BRIEF:
Please copy the lines below, exactly as they are, from the one with "黃綠交織的田野間,農(nón" through the one with "Selling a pair", and leave out the pictures.
━━━━
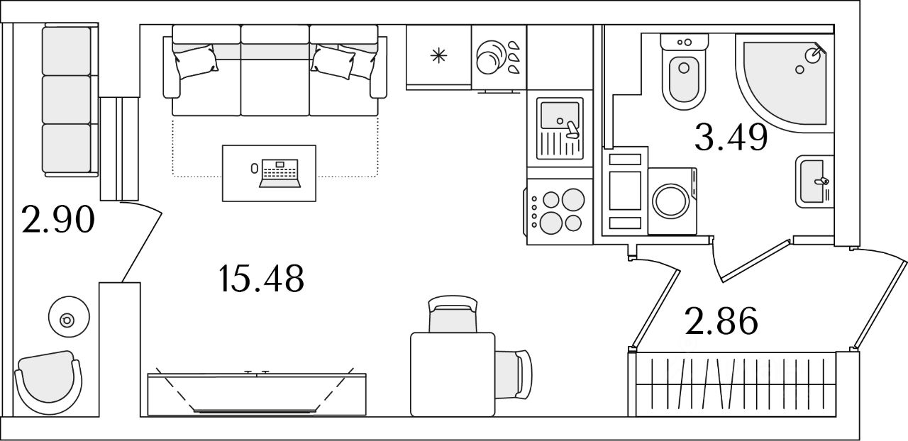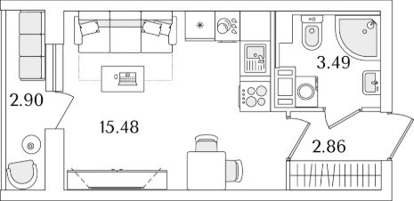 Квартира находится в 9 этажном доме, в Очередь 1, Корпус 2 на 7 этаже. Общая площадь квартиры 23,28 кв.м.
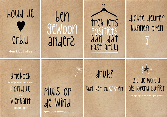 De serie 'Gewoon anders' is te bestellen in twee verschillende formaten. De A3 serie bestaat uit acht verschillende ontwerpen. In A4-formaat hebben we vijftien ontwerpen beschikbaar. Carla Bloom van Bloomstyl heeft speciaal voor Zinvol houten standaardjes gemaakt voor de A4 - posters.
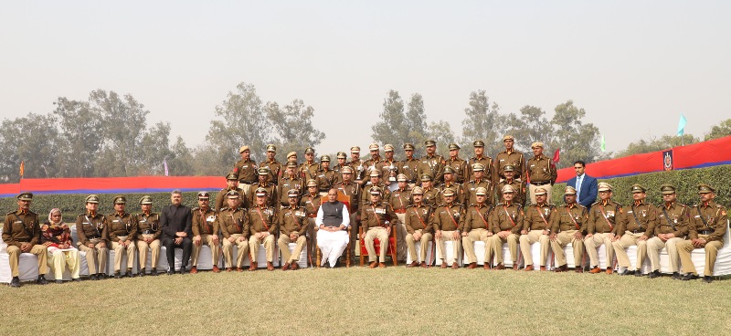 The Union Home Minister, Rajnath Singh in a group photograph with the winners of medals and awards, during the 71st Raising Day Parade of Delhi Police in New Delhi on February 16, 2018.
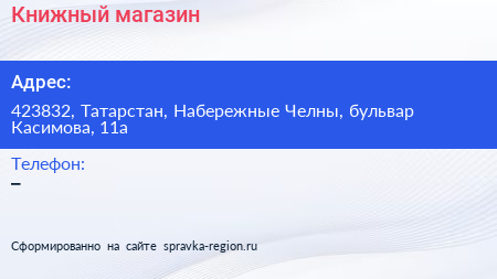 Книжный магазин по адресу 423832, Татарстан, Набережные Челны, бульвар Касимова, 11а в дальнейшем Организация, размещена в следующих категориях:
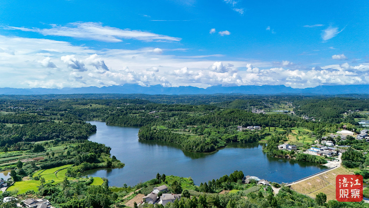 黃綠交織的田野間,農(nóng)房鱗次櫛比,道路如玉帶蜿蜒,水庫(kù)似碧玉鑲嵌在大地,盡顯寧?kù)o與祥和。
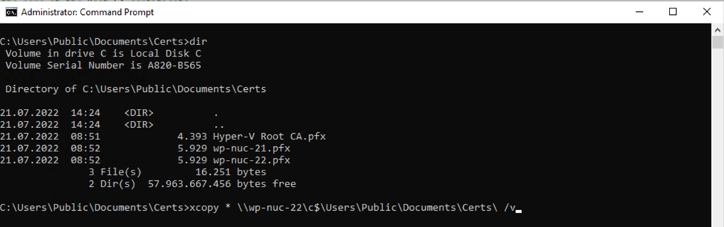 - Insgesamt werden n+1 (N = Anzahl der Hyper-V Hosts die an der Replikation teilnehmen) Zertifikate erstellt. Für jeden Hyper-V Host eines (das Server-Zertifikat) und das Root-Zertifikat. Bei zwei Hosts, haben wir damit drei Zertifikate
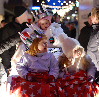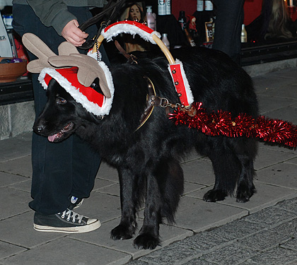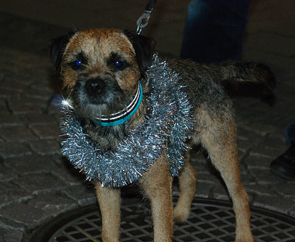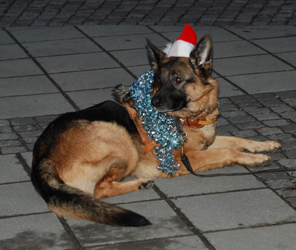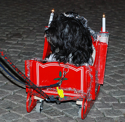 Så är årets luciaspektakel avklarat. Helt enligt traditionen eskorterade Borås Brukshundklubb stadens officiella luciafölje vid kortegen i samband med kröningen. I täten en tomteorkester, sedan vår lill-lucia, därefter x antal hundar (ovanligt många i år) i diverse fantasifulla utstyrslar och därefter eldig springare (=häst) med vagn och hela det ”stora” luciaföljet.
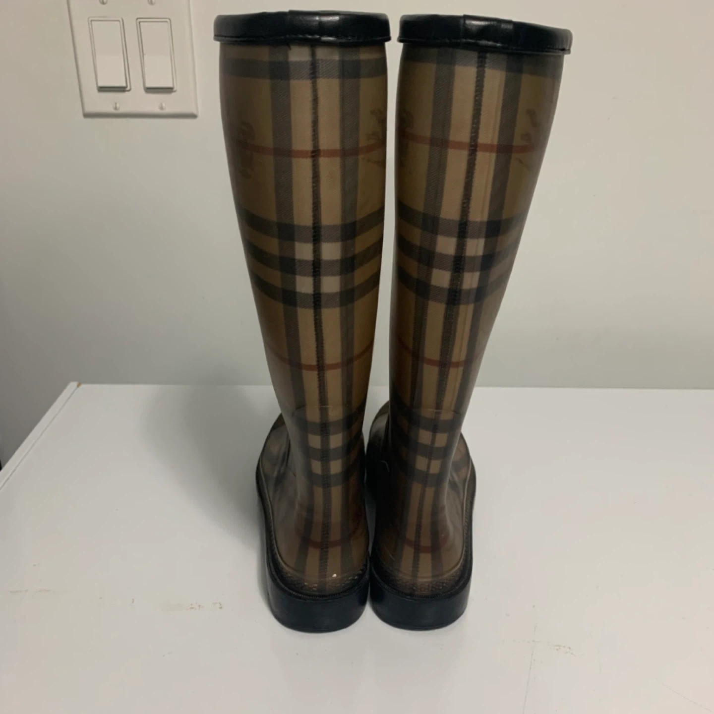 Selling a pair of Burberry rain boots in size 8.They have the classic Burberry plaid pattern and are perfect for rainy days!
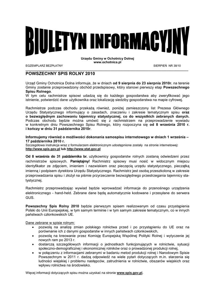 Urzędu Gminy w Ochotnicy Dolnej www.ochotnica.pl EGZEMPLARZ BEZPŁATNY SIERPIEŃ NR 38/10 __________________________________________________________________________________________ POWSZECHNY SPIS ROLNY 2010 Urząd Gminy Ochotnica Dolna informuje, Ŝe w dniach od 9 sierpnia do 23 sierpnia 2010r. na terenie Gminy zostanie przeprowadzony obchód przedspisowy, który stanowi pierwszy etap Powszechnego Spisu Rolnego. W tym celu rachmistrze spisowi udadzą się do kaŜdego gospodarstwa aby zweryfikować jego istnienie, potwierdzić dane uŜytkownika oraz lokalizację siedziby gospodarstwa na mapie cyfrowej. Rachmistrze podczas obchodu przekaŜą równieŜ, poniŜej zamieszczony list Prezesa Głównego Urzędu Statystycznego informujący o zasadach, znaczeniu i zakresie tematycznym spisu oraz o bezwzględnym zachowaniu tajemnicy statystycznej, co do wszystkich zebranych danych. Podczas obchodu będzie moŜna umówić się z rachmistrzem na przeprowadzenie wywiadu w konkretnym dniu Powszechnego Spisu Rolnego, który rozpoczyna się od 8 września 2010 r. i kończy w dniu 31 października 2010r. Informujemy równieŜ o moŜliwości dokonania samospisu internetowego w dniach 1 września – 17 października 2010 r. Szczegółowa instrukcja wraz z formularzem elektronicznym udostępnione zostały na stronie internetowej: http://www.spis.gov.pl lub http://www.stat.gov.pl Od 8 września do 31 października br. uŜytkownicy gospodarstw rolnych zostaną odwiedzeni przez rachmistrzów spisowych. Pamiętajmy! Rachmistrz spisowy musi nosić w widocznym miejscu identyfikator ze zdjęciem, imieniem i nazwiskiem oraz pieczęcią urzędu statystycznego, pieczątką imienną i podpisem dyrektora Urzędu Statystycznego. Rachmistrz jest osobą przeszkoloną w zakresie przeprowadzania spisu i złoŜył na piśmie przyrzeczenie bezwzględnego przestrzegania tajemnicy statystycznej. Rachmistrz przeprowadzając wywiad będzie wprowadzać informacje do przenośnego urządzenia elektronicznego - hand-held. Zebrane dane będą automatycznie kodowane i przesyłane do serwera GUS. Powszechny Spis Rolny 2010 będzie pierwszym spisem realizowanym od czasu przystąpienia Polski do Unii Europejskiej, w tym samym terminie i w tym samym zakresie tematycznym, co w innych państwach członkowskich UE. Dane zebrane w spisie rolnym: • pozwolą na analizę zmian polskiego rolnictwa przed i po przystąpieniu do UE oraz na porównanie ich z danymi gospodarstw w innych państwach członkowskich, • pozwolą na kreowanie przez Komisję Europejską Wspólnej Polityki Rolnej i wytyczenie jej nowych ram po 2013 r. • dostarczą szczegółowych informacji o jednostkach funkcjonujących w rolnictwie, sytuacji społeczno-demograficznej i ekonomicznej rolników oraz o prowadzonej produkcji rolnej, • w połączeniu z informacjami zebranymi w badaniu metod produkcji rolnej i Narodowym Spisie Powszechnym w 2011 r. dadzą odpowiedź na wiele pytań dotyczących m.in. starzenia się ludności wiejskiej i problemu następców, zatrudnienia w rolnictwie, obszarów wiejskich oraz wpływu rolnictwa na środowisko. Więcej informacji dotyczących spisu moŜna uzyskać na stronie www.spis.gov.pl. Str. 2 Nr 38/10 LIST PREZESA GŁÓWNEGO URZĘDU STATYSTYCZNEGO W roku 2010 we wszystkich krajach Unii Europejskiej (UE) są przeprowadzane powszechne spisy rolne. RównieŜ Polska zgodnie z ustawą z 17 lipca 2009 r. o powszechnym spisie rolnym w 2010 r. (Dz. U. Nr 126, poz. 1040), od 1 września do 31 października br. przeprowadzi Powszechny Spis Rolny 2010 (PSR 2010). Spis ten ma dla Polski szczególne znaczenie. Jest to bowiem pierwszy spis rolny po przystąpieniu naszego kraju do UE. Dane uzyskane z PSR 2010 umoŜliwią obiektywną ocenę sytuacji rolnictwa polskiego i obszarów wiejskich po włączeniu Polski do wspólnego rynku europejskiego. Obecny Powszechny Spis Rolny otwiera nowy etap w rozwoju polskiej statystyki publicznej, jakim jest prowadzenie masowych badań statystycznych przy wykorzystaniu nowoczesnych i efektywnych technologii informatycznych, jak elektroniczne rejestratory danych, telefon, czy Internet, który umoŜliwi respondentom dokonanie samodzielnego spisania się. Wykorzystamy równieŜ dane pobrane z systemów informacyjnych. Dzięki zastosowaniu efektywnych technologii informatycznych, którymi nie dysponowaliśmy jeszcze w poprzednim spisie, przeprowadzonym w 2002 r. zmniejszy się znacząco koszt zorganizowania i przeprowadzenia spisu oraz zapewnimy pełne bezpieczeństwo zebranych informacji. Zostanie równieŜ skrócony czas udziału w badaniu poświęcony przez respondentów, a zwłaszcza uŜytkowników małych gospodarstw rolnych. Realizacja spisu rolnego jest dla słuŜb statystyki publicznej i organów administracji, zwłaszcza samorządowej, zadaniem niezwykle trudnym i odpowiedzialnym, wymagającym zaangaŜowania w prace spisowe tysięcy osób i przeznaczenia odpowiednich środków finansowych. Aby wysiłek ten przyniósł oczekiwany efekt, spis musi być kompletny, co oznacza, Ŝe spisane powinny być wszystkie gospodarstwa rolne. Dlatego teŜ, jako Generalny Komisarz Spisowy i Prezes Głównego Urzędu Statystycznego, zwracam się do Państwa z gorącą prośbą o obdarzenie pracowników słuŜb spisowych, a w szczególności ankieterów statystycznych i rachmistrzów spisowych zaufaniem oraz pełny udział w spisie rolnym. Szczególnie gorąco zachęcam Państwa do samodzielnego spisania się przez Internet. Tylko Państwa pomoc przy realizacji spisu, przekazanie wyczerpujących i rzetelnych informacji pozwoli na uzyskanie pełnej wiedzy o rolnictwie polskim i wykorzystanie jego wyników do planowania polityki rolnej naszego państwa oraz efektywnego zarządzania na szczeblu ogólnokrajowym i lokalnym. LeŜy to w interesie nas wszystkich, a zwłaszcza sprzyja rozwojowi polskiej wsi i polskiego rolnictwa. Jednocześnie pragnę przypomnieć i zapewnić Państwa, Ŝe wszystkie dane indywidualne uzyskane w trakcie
━━━━
SOLUTION TO THIS EXERCISE:
 黃綠交織的田野間,農(nóng)房鱗次櫛比,道路如玉帶蜿蜒,水庫(kù)似碧玉鑲嵌在大地,盡顯寧?kù)o與祥和。
 - Insgesamt werden n+1 (N = Anzahl der Hyper-V Hosts die an der Replikation teilnehmen) Zertifikate erstellt. Für jeden Hyper-V Host eines (das Server-Zertifikat) und das Root-Zertifikat. Bei zwei Hosts, haben wir damit drei Zertifikate
 Så är årets luciaspektakel avklarat. Helt enligt traditionen eskorterade Borås Brukshundklubb stadens officiella luciafölje vid kortegen i samband med kröningen. I täten en tomteorkester, sedan vår lill-lucia, därefter x antal hundar (ovanligt många i år) i diverse fantasifulla utstyrslar och därefter eldig springare (=häst) med vagn och hela det ”stora” luciaföljet.
 Selling a pair of Burberry rain boots in size 8.They have the classic Burberry plaid pattern and are perfect for rainy days!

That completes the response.